I am! But not an obnoxious Republican. If either side is fucking up I'll be the first to say so. But my ideology is best summed up in this quote. 

"You cannot help men permanently by doing for them, what they could and should do for themselves." — Abraham Lincoln

I'm perfectly fine taking care of the ones who cannot care for themselves. Its everyone else I have no sympathy for.


----------



## floryshe (Jan 21, 2010)

I sympathize with libertarians (the strict constitutionalists) and, oddly enough, progressives. I can see where they're coming from. Perhaps if I was filthy rich or filthily religious I could see where the Republicans were coming from too.

anyway ~independent~:bored:


----------



## mikeus (Aug 11, 2009)

Yep, I'm a Conservative Republican.


----------



## Narrator (Oct 11, 2009)

Not that I live in the US, but I'm pretty sure I wouldn't be if I did.


----------



## Mutatio NOmenis (Jun 22, 2009)

Time to infiltrate.

I'm a progressive moderate statist socialist leftist. I beleive that the state should be there for the people who need it and the people who are getting by alright should be there for the state. It's more like Canada or the EU that Big Brother.


----------



## GiGi (Aug 13, 2010)

I am not afraid to vote Republican or side with Republicans if I believe they are right on an issue. I'm an Independent who thinks for myself and does not let media hype tell me who to vote for in an election. I use to be a serious Liberal Dem. in my early years, until I witnessed the Dems in power and pulling the same under handed tricks, with the same big businesses as the Republicans had been pulling. It really opened my eyes. Recently, I've been agreeing a lot more with Republicans then I ever did in my history of voting. I think it's because I'm also a history buff and I realize that there is no new political situations in the world. Why isn't it more important for our people to know more about government, history and economics in our schools? Don't believe anything that any politician or media tells you unless you have done some research!
OK, I'll step off my soap box.


----------



## CallSignOWL (Jan 11, 2010)

i am an independent. I think the whole Democrat vs Republican thing is a crock of horse sh*t! :angry: To make an educated vote, one must understand the issues. and frankly, not many people seem to be doing that. 

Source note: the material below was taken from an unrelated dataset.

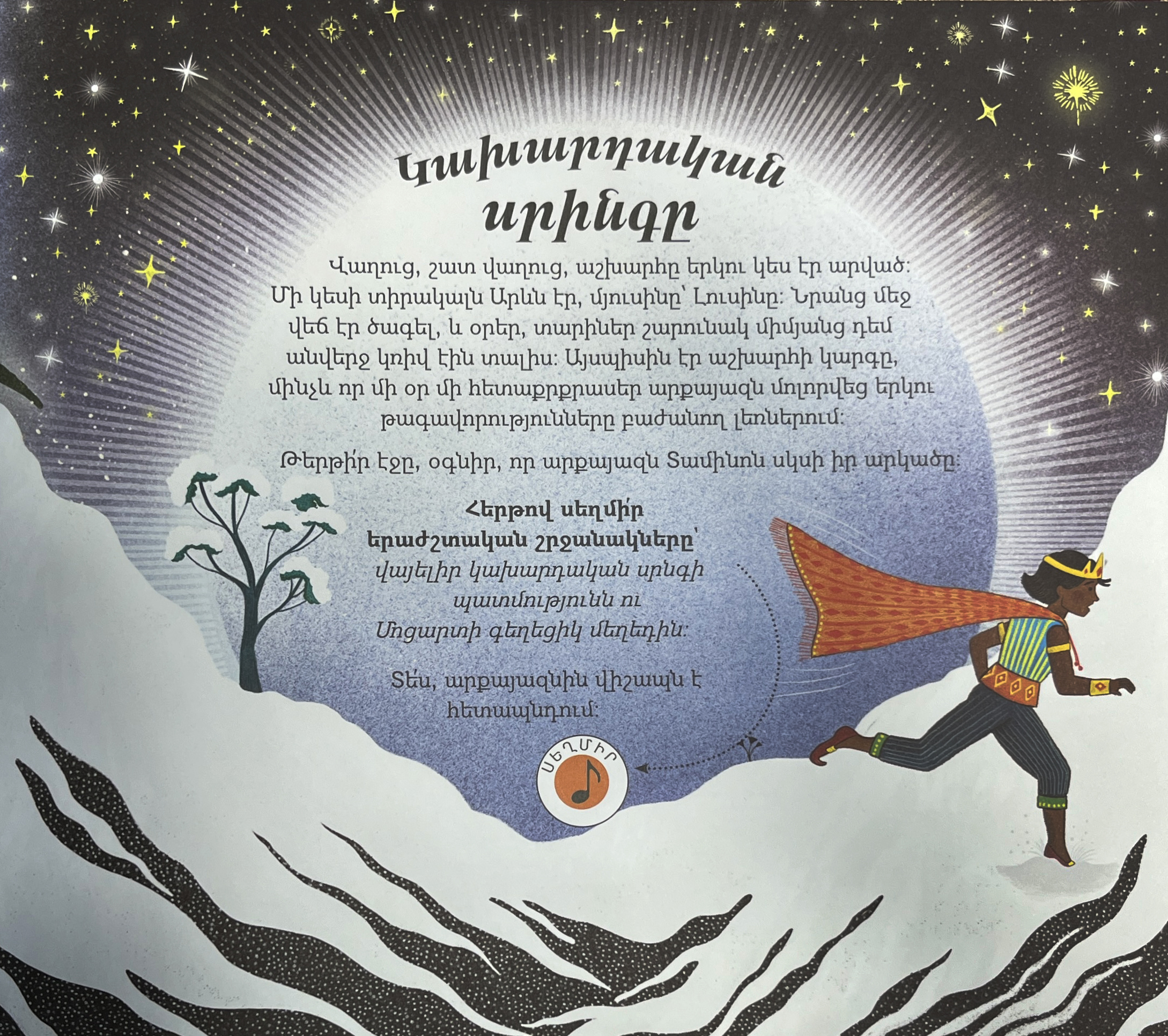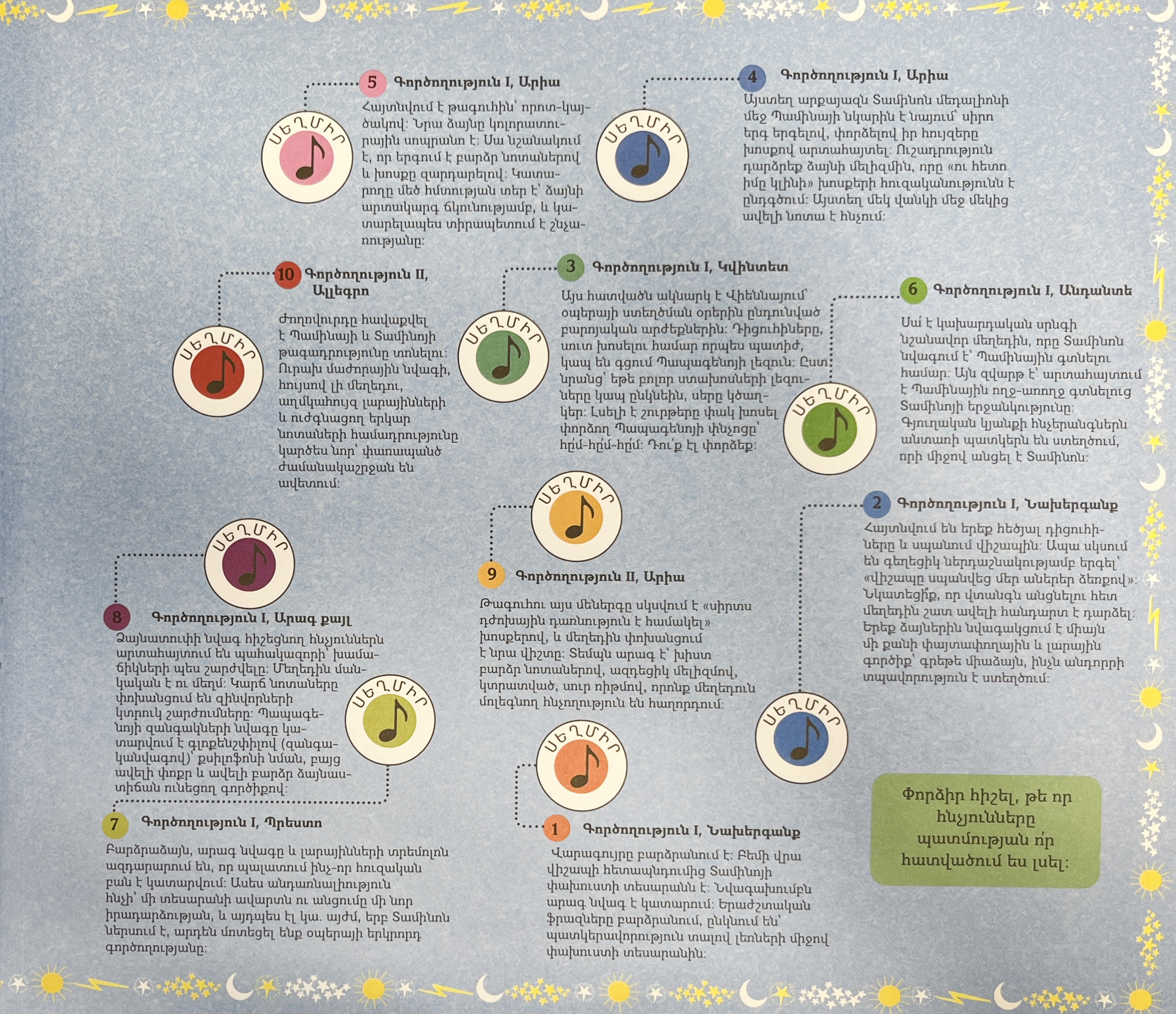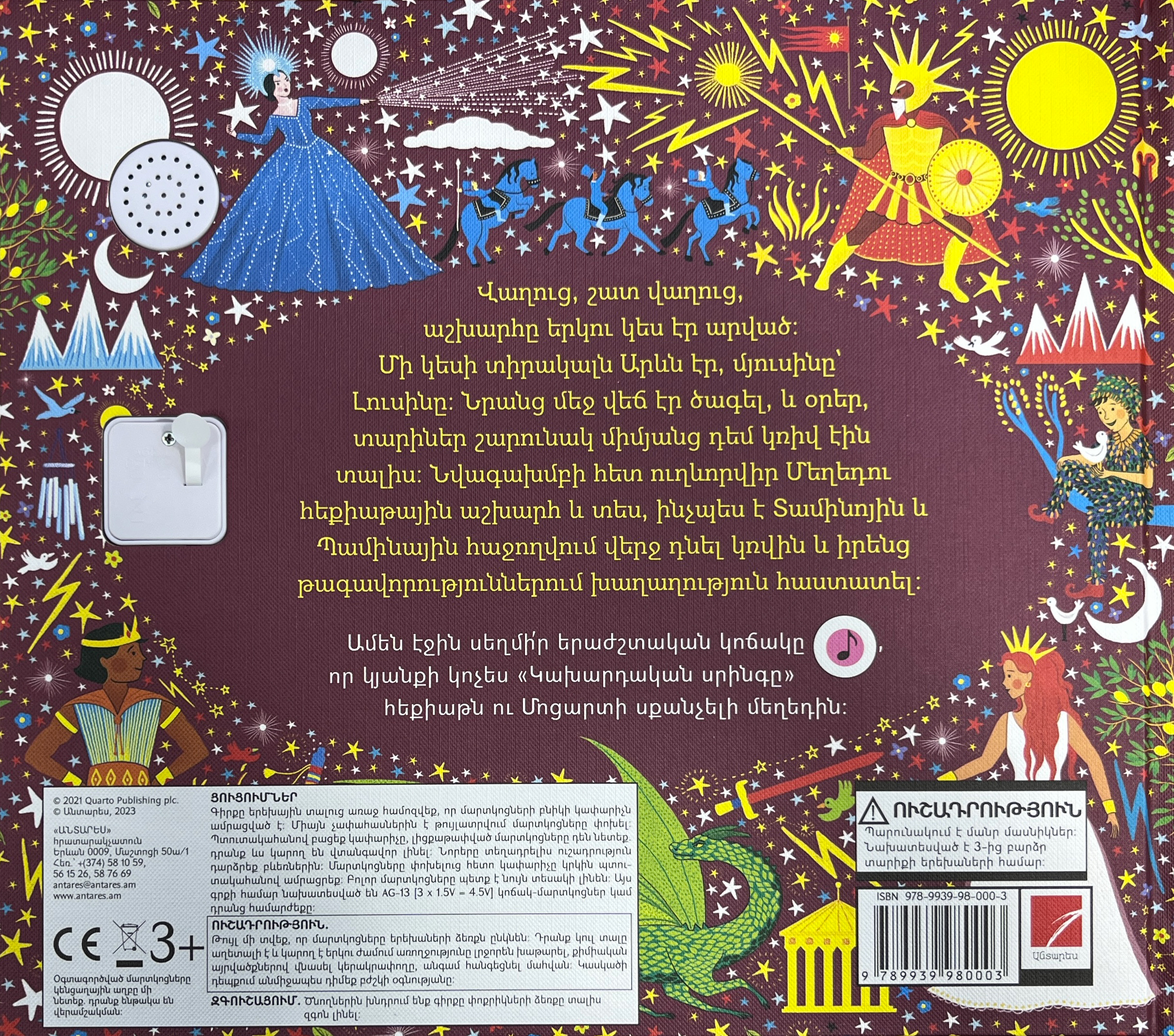 Վաղուց, շատ վաղուց, աշխարհը երկու կես էր արված: Մի կեսի տիրակալն Արևն էր, մյուսինը՝ Լուսինը: Նրանց մեջ վեճ էր ծագել, և օրեր, տարիներ շարունակ միմյանց դեմ կռիվ էին տալիս: Նվագախմբի հետ ուղևորվիր Մեղեդու հեքիաթային աշխարհ և տես, ինչպես է Տամինոյին և Պամինային հաջողվում վերջ դնել կռվին և իրենց թագավորություններում խաղաղություն հաստատել: Ամեն էջին սեղմի՛ր երաժշտական կոճակը, որ կյանքի կոչես <<Կախարդական սրինգը>> հեքիաթն ու Մոցարտի սքանչելի մեղեդին:

the one thing that irks me most about republicans (and yes I am fully aware of the generalization I am about to make...) is that they bring religion into politics, or more specifically "Christianity". The constitution clearly expresses the separation of church and state, and the establishing of a state religion. and I think that if you are using you religious beliefs to influence a vote...and it becomes law, are you not supporting the establishment of a state religion and thus going against the Constitution you so reverently claim to be upholding?! :angry:

whew...needed to rant. 

OWL


----------



## niss (Apr 25, 2010)

CallSignOWL said:


> i am an independent. I think the whole Democrat vs Republican thing is a crock of horse sh*t! :angry: To make an educated vote, one must understand the issues. and frankly, not many people seem to be doing that.
> 
> the one thing that irks me most about republicans (and yes I am fully aware of the generalization I am about to make...) is that they bring religion into politics, or more specifically "Christianity". The constitution clearly expresses the separation of church and state, and the establishing of a state religion. and I think that if you are using you religious beliefs to influence a vote...and it becomes law, are you not supporting the establishment of a state religion and thus going against the Constitution you so reverently claim to be upholding?! :angry:
> 
> ...


Whew! Glad that's over! :tongue::wink:


----------



## KrystRay (Jun 16, 2010)

I am Republican on the line of Liberitarin. I do agree with whoever said that Republicans are either rich or religious. I see a lot of them in my circle. lol. But that's kind of stupid, becuase God FORBID I said something like, "Democrats and Liberals are all a bunch of uneducated, poor athiests..."


----------



## Andrewfromthebay (Sep 10, 2010)

The Great One said:


> I know a shitload of SJ republicans. Is this just my imagination? Are most SJ's republicans?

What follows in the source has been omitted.